Изменить стиль страницы

Он вышел в вестибюль, и Катя, едва увидев его, поняла: сегодня он другой. Впрочем, они всегда смеялись, что она его настроение по силуэту определить может.

Она увидела, что он другой, и обрадовалась, покраснела, как девочка, и пошла к нему навстречу, робко надеясь на что-то хорошее. И это ее преображение еще придало Петру Петровичу сил.

Взволнованно улыбаясь друг другу, они сели в кресла у стены. Он смотрел в ее глаза, и ему казалось, что все самое страшное позади.

— Ты что улыбаешься? — спросил Тарасов жену. Она пожала плечами.

— Вспоминала, как из Сочи разговаривала с тобой по телефону по-английски, а ты все умолял меня перестать болтать, потому что уже прошло пять минут.

Так она говорила, но он-то слышал другое: «Ты неплохо выглядишь, я очень рада, что ты перестал бояться. Это хорошо, потому что действительно, ну почему ты должен обязательно умереть? Совсем это не обязательно! Ты можешь поправиться. Ты уже поправляешься!..»

— Что ты мне почитать принесла? — спросил он. Ему совсем не хотелось читать, но было приятно слышать ее голос.

— Новый американский детектив. Глупо, но интересно до смерти.

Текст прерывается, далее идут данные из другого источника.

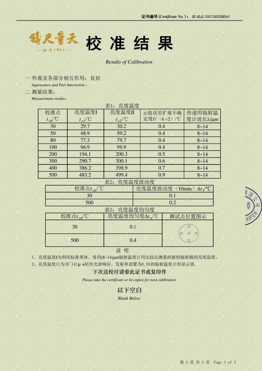 上一條:面源黑體輻射源下一條:溫濕度檢定箱(-5~65℃)校準(zhǔn)證書(shū)

Светка дала.

Он, смеясь, взял из ее рук хорошенькую, удобную по формату книжку с большеглазой, большегубой красавицей на глянцевой обложке.

Они тихо переговаривались, по Тарасов видел и слышал в это время все, что их окружало, и все это было прекрасно: и сочные солнечные блики на полу, которые на ковровой дорожке казались пушистыми, темно-красными, и тихие голоса людей, и приглушенно доносившийся в открытые окна шум города, и тихий щебет засыпающих в саду птиц… Все было ново и прекрасно! Тарасов чувствовал себя, как путешественник, вернее, как изгнанник, который после долгих опасных странствий по чужим холодным мирам возвращается на родную, теплую, обжитую землю.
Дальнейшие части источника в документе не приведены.